Here you can post puns or one-liners that you've said or someone else said. I'll start us off with:

Entomology: the study of Ents.

Being a lumberjack isn't all it's cut out to be.


----------



## Majimaune (Jun 10, 2007)

Everyone can say 'Dad' jokes but dads can't say any other jokes.


----------



## Noldor_returned (Jun 10, 2007)

Gangsta: That's the way I roll.
Baker: That's the way I make rolls.


----------



## Majimaune (Jun 12, 2007)

I had some really good ones today at school but now I can't remember them, most were insults at me though.

Go me I remember. They are from the TV show Mighty Boosh, a couple of lines that me and friends say endlessly.

"The Crunch. You know nothing of the Crunch."
"Oh not you with the f**king Crunch."

and...

"I'll slice ya one way and I'll slice ya another cause I'm a cockney nut-job. It's like Connect4 with dagger terms."


----------



## Noldor_returned (Jun 15, 2007)

I got it back!
Got what back?
IT!

It'd be nice to see someone different post...but hey, I don't mind. Majimaune has posted some great ones.


----------



## Majimaune (Jun 16, 2007)

So have you but yes it would be good if others posted in here.
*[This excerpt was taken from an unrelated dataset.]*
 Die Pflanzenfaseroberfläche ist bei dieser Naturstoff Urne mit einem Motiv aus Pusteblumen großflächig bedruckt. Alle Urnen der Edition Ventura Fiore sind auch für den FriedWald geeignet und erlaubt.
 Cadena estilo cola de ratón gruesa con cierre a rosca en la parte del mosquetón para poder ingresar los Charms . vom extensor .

Also you bailed on me (and others) for this afternoon, though I can't blame you, it's a cricket presentation. Working...what sort of an excuse is that?


----------



## Noldor_returned (Jun 17, 2007)

I'm sorry I meant to N/A but didn't get to in time :S But those CDs are awesome...anyway...

I am extremely absolutely lost completely ok?
I have extremely absolutely no idea what you said completely ok?

Yes no umm maybe.
That was kind of every possible answer all rolled into one there.


----------



## Majimaune (Jun 18, 2007)

He's a big 'un but a small 'un if you know what I mean.


----------



## Noldor_returned (Jun 21, 2007)

SEAKING, yeah!

What is impossible to do with your eyes open? Catch SEAKING, YEAH!
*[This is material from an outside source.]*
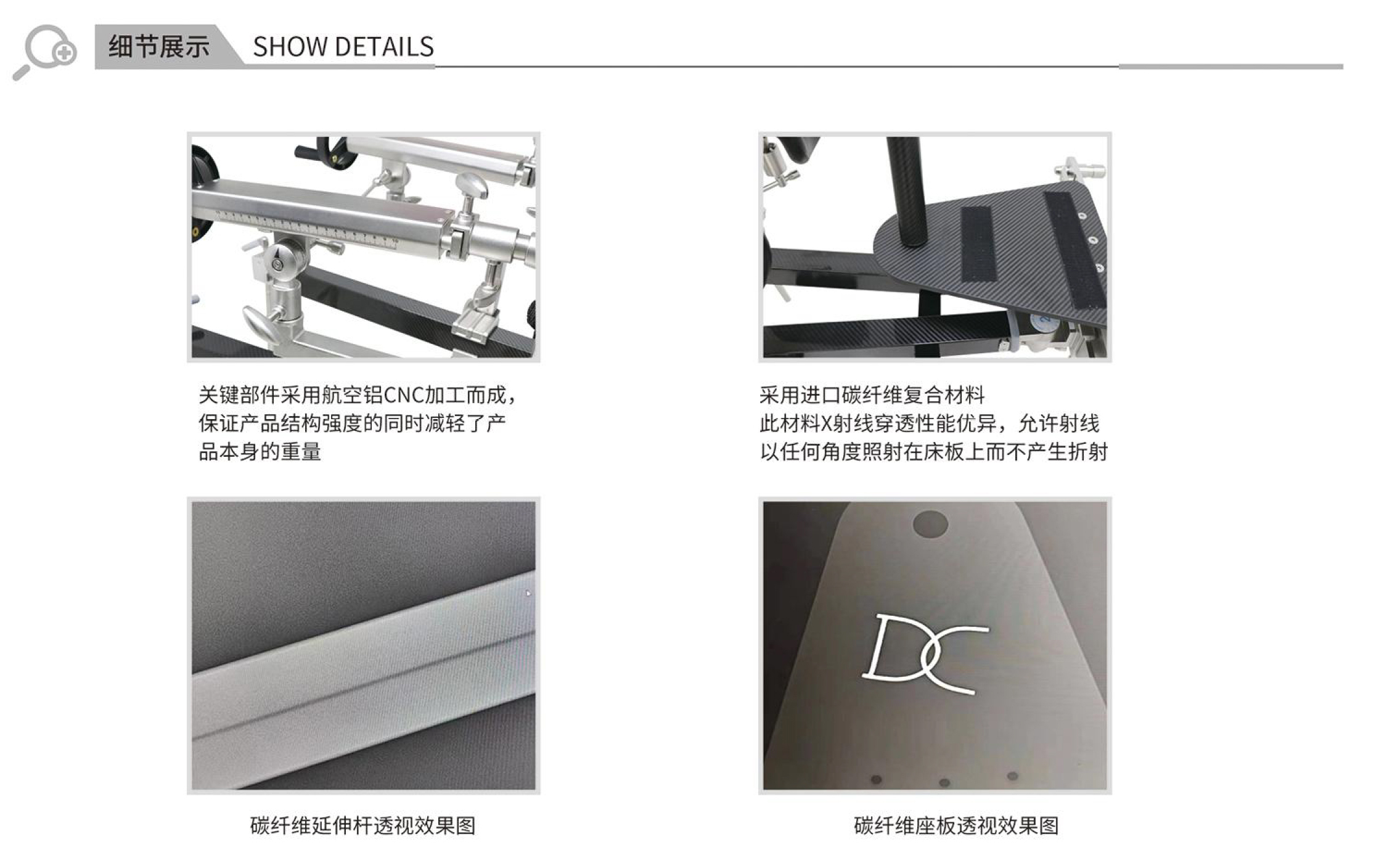 (2)優(yōu)異的X射線透過性:碳纖維材料對X射線具有極好的透過性,這意味著在手術(shù)過程中,醫(yī)生可以清晰地通過X射線進行透視和檢查,而不受牽引架的干擾。這對于確保手術(shù)的精確性和安全性至關(guān)重要。

I'm a dictator among leaders


----------



## Majimaune (Jun 21, 2007)

When ever you look in a mirror you have your mirror face on.


----------



## Noldor_returned (Jun 23, 2007)

Posted/written around the world several times:

Never argue with an idiot. They'll bring you down to their level and beat you with experience.


----------



## Majimaune (Jun 23, 2007)

Nice NR. So thats why I always beat you?

Who is the more foolish. The fool or the fool who follows?

A little Star Wars one there.


----------



## Noldor_returned (Jun 24, 2007)

You need a girlfriend whose name doesn't end in .jpg

Women. The only way to control them is compliments.

These are aimed at nobody in particular, and the second one is something somebody said to me. I disagreed.


----------